Condos, multi-units, and manufactured homes may come with extra rules. Be clear whether your loan is for a purchase, a rate-term refinance, or a cash-out refinance.

Documentation lenders expect: mortgage documents checklist

Having your paperwork ready speeds things up. Expect to provide IDs, two months of bank statements, recent pay stubs, W-2s or 1099s, and two years of tax returns.

If you’re self-employed, you’ll also need business returns and a year-to-date profit and loss statement. Don’t forget insurance declarations and HOA documents if they apply.

Red flags and quick wins before online mortgage preapproval

Certain things can slow the process. Large unexplained deposits raise questions, and gift funds require proper documentation with a donor letter.

Quick wins include paying down revolving balances, avoiding hard credit inquiries, and correcting any errors on your credit report.

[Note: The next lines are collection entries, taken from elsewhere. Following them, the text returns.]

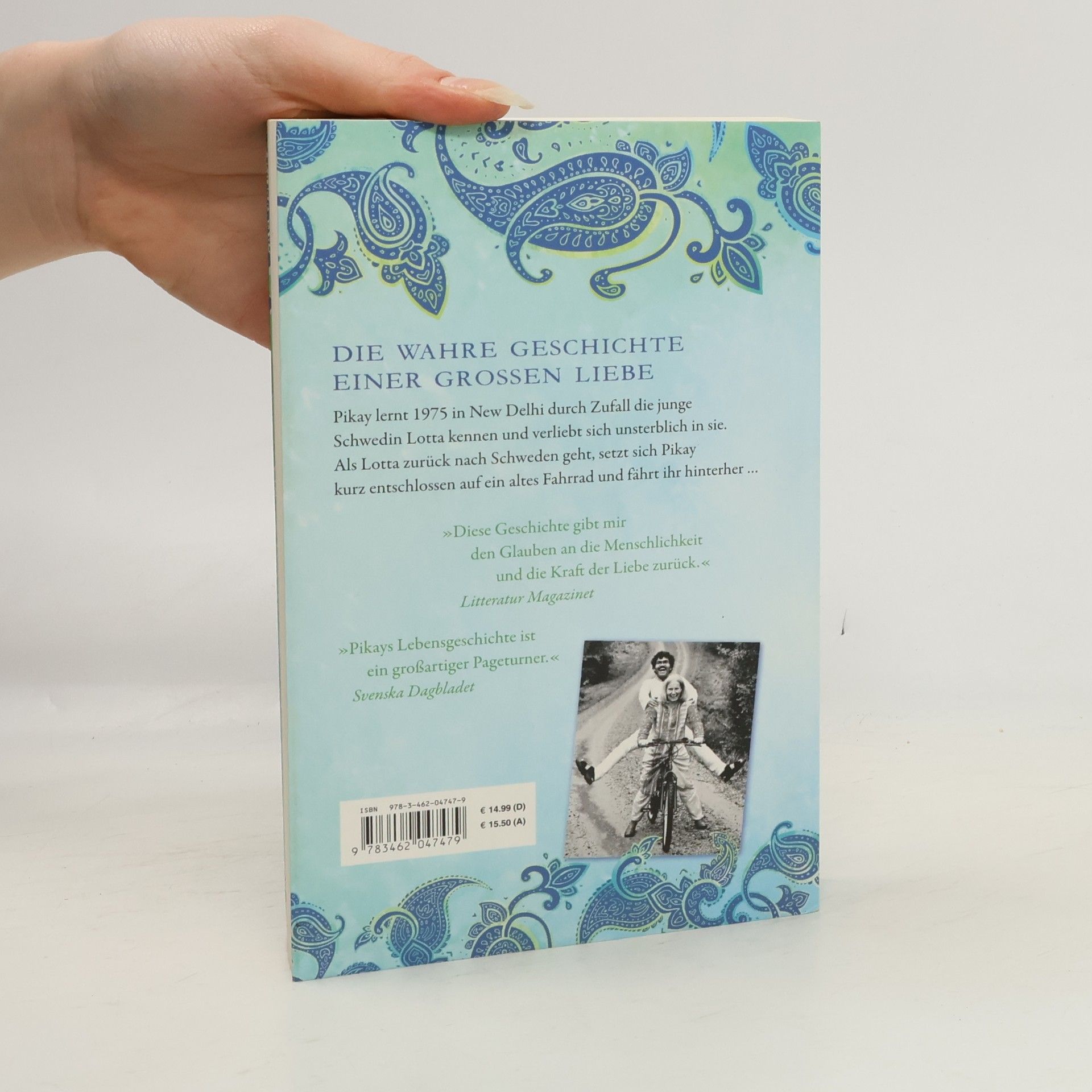 Alles, was man zum Glück braucht, ist Vertrauen und ein Fahrrad 1975 lernt Pikay in Neu-Delhi durch Zufall die junge Schwedin Lotta kennen und verliebt sich unsterblich in sie. Als Lotta zurück nach Schweden geht, setzt sich Pikay kurz entschlossen auf ein altes Fahrrad und fährt ihr hinterher … Diese Geschichte erzählt vom unglaublichen Schicksal des kastenlosen Pradyumma Kumar, genannt Pikay. In ärmlichen Verhältnissen aufgewachsen, kennt er nur Extreme: Mal wird der talentierte Porträtzeichner von Indira Gandhi eingeladen, sie zu malen, mal muss er hungern und schläft auf der Straße. Eines Abends taucht neben seiner Staffelei ein blondes Mädchen auf – und eine unglaubliche Liebesgeschichte nimmt ihren Anfang. Als Lotta zurück nach Schweden geht, stehen die Chancen schlecht für die beiden – wäre da nicht ein altes Fahrrad. Damit macht sich Pikay auf den Weg, um die 7.000 km von Asien nach Europa zurückzulegen. Auch zahlreiche Rückschläge können ihn nicht aufhalten, bis er schließlich tatsächlich in der Heimat Lottas ankommt, einer völlig anderen Welt … Um das Happy End gleich zu verraten: Heute sind die beiden seit über 35 Jahren verheiratet, haben zwei Kinder und leben auf einem alten Bauernhof in der Nähe von Borås. »Pikays Lebensgeschichte ist ein großartiger Pageturner.« Svenska Dagbladet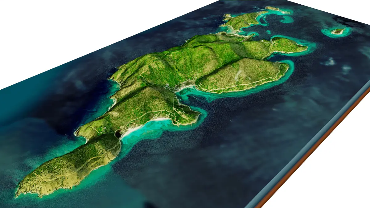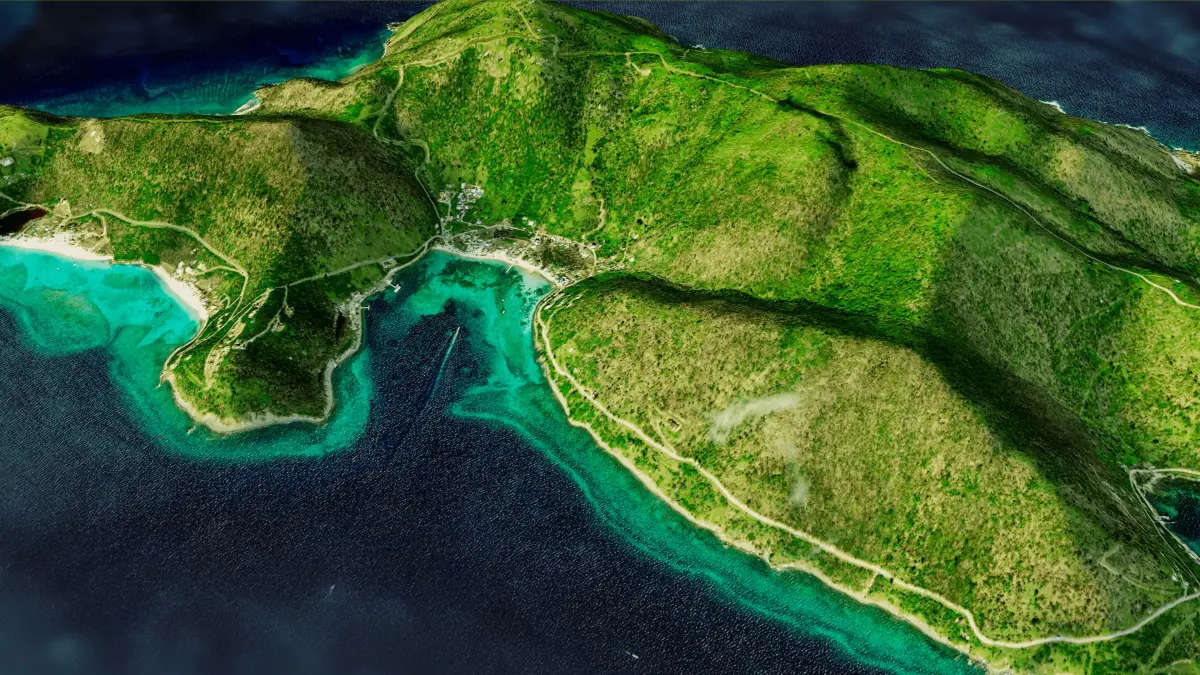 3d model landscape of Jost Van Dyke Island, British Virgin Islands, Caribbean Sea, Atlantic Ocean, British Overseas Territory.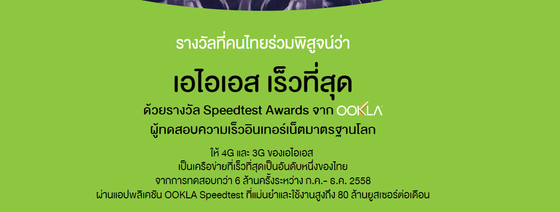 nPerf Speedtest ที่ 1 AIS ที่ 2 DTAC ที่ 3 TRUE speedtest.net Awards ที่ 1 AIS ที่ 2 My ที่ 3 Dtac OpenSignal.com World LTE Speed ที่ 22 AIS ที่ 125 TRUE ที่ 16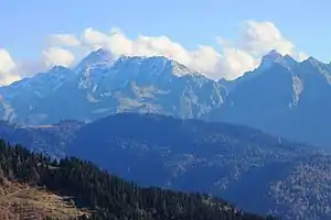 ![]() Вид в сторону хребта Грушевого і на вершини Агепста та пік Сочі | ||||

Once that’s done, you’ll be ready to request online mortgage preapproval with more confidence.

Essential Mortgage FAQ

Most online mortgage preapprovals last 60–90 days. If your income, debts, or credit score change, refresh it before shopping. Check mortgage rates today and confirm your lock window so approval and pricing stay aligned. A quick update keeps lenders confident. Renew if still shopping; fresh docs keep pricing consistent.

Closing costs for buyers are typically 2%–5% of the purchase price. Expect lender fees, appraisal, title, taxes, and insurance. Ask about seller credits, lender credits, or a no closing cost refinance later. Compare loan estimates side-by-side; APR differences can save thousands. Request a costs worksheet early; planned credits avoid surprises

Lock if the monthly payment fits your plan and timeline. Mortgage rates today can change quickly. Typical lock windows run 15–60 days, and extensions may cost extra. Compare points vs no points to see the break-even. If you’re house-hunting, align the lock with your expected closing. A timely lock protects approvals; ask about float-downs.

Search best mortgage lenders near me, then compare rates, APR, fees, and lock terms. Ask about FHA, VA, USDA strengths, same-day online mortgage preapproval, and turnaround times. Read recent reviews, confirm NMLS numbers, and request a written loan estimate for apples-to-apples comparisons. Pick clear fee sheets and timelines; ask about locks.